The pulled pork sandwich was served on a homemade pretzel bun with fries and barbecue sauce. Having recently tried Pork Buns at David Chang’s Momofuku in New York (multiple James Beard Awards), we wanted to see how Keith’s version would hold up. Keith’s food often has an Asian flair, but barbeque in North Carolina is an institution that is seldom altered. Chef Rhode’s presentation was very nice and the pork was flavorful. It was essentially what you expect when you eat North Carolina barbecue. It was high quality, but not as finely chopped as you would typically expect. There were a couple of problems with this dish. First, the pretzel bun did not taste like it was freshly made. It was almost certainly made a day or two prior, and judging by how tough it was to bite off, it may have been microwaved. The fries tasted and looked like Criss-cut fries from the freezer section of any grocery store.
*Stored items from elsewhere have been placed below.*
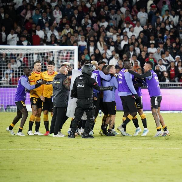 El portero suplente, Adrián Gabbarini y el capitán de Liga de Quito, Ezequiel Piovi intentaron dialogar con los hinchas, pero fue imposible. Los minutos avanzaban, la tensión se hacía sentir en el Rodrigo Paz Delgado.
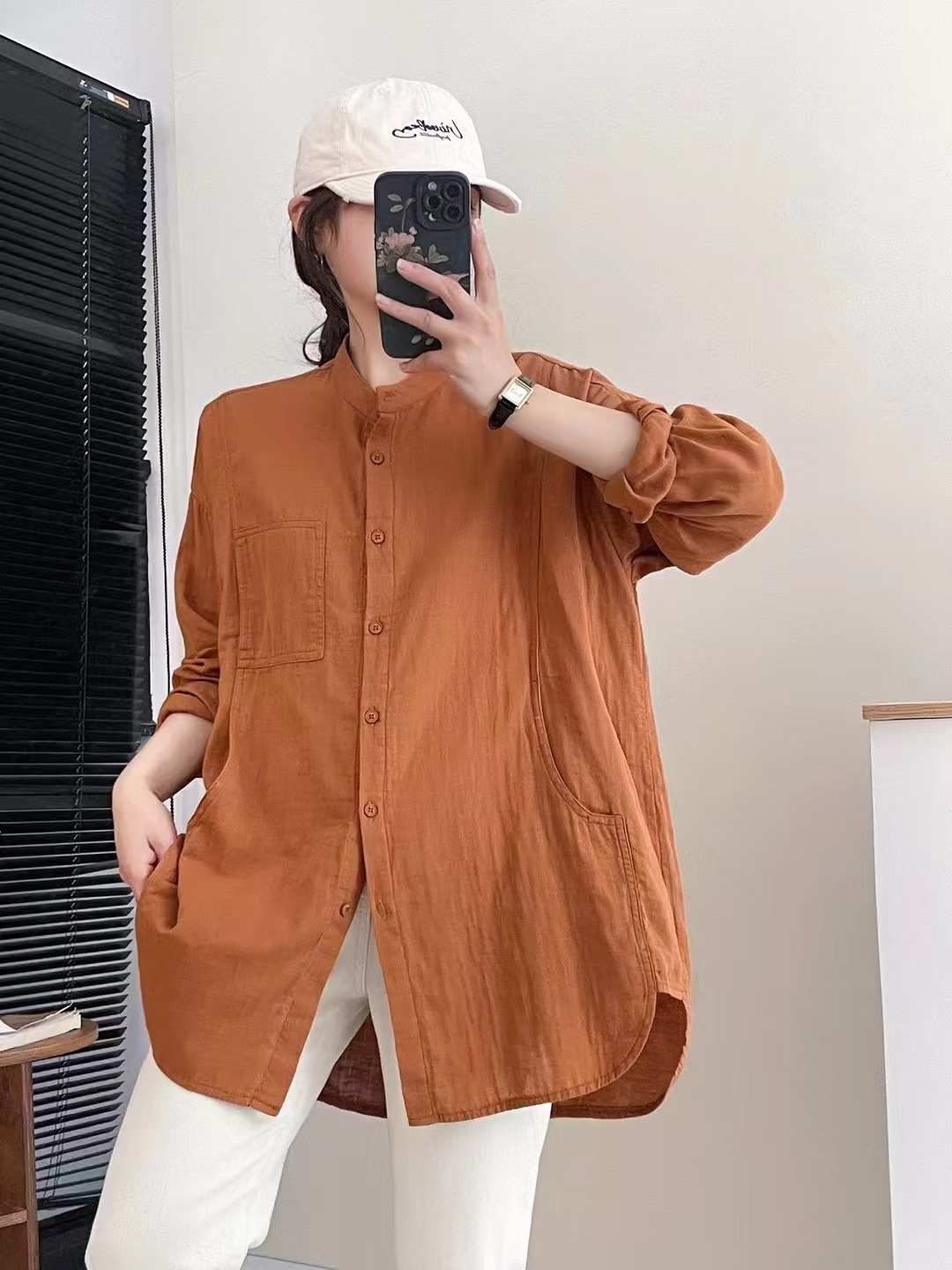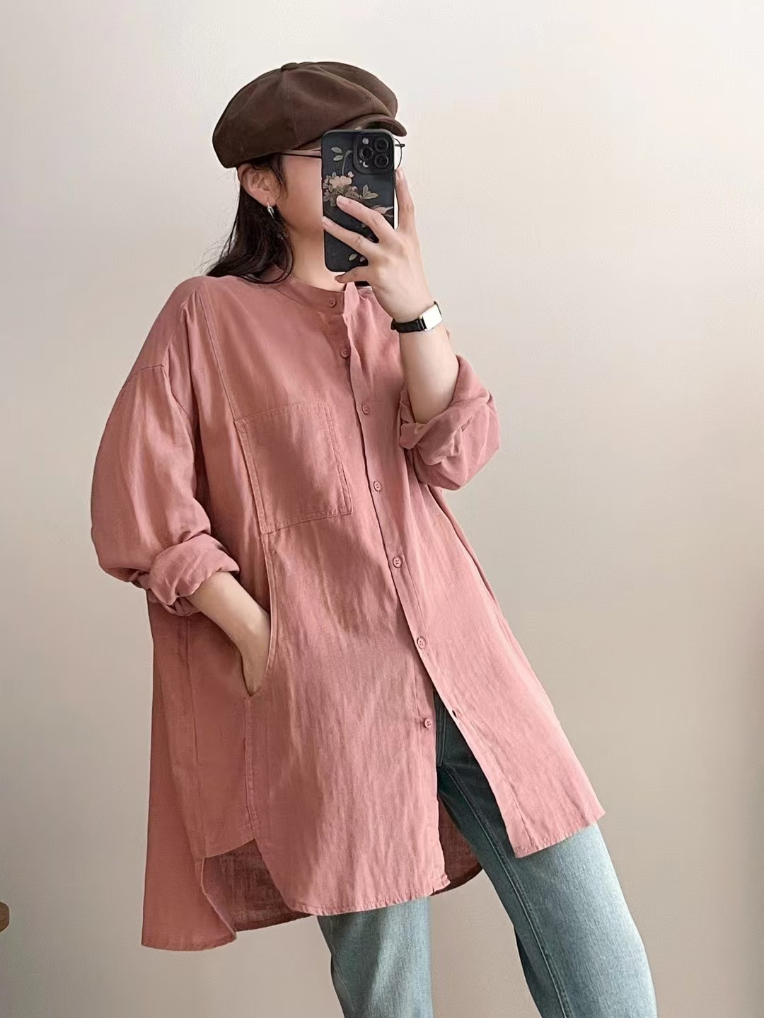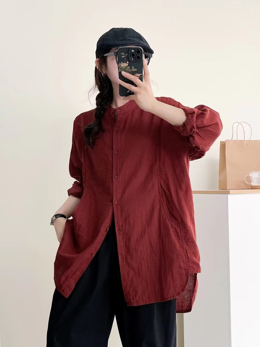 솔리드 컬러 코튼 원사 긴팔 셔츠 2025 예술적 일본 스타일 모리 여성 스타일 싱글 브레스트 느슨한 중간 길이 탑스토어 가기
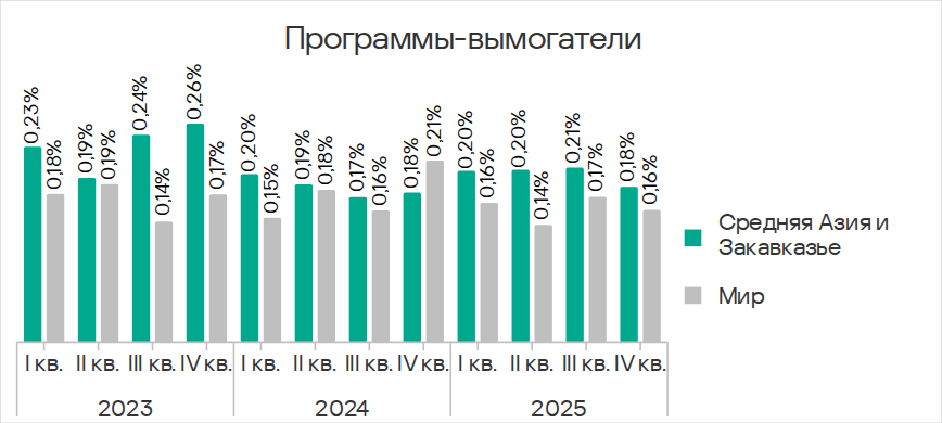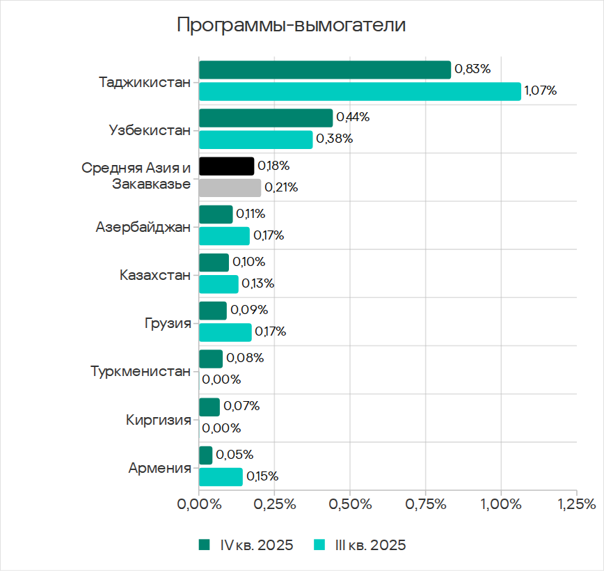 По доле компьютеров АСУ, на которых были заблокированы программы-вымогатели, Средняя Азия и Закавказье среди регионов занимают четвертое место с 0,18%. Этот показатель больше, чем в Северной Европе, которая замыкает соответствующий рейтинг, в 3,6 раза.
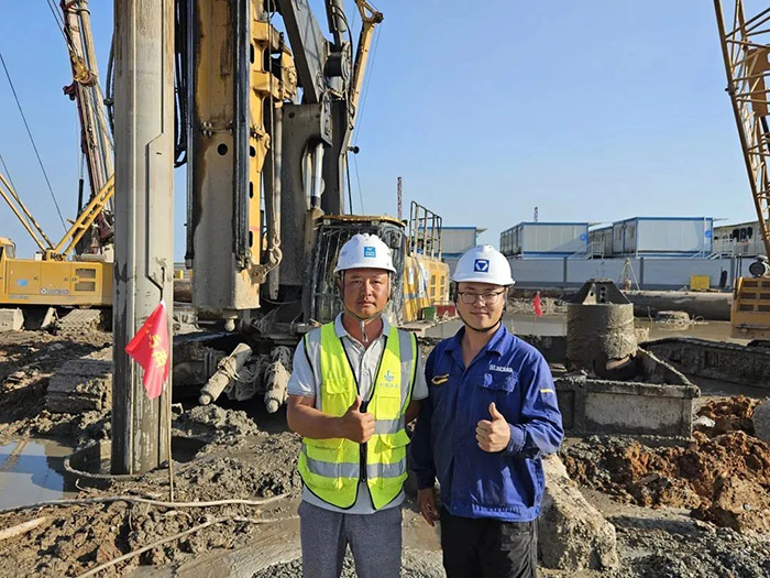 旋挖鉆機(jī)群不間斷施工的同時(shí),徐工技術(shù)人員與服務(wù)團(tuán)隊(duì)全天候走訪巡檢,有力保障項(xiàng)目工期節(jié)點(diǎn)。

The slaw was light and delicious. There was a Texas style barbecue sauce served on the side. This was a clever move. This will satisfy the many vacationing non-Eastern North Carolina barbecue patrons. On the flip side, had this sauce been actually served on the sandwich, native foodies would have considered it a travesty. Thus, Chef succeeded in pleasing all kinds of barbecue aficionados. To those who do not live in a barbecue region, let me warn you before you travel to a barbecue area- add it to your list of topics not to discuss (Religion, Politics, and Barbecue). On the whole, the dish was a strong effort to breathe life into a familiar dish.
Overall, the meal was good but still not up to par with the initial Catch. We are optimistic that as time passes, the new Catch will continue to improve and offer a dining experience similar to that which Catch fans have come to expect. Chef Rhodes is currently renovating the old Catch which will again be open for lunch. Although hopeful, I have concerns that with obligations to the new restaurant, the “old” Catch will not have the magic prior to the move. As old fans of Keith Rhodes, we very much hope to see him succeed. When he is not stretched thin, his food is worthy of a James Beard Award.
NOTE: Keith Rhodes will be a contestant on the new season of Top Chef which airs on Bravo TV, Wednesdays at 10pm (EST). The season’s first episode is on November 2, 2011, and there will be a viewing party at Catch to watch Episode #1.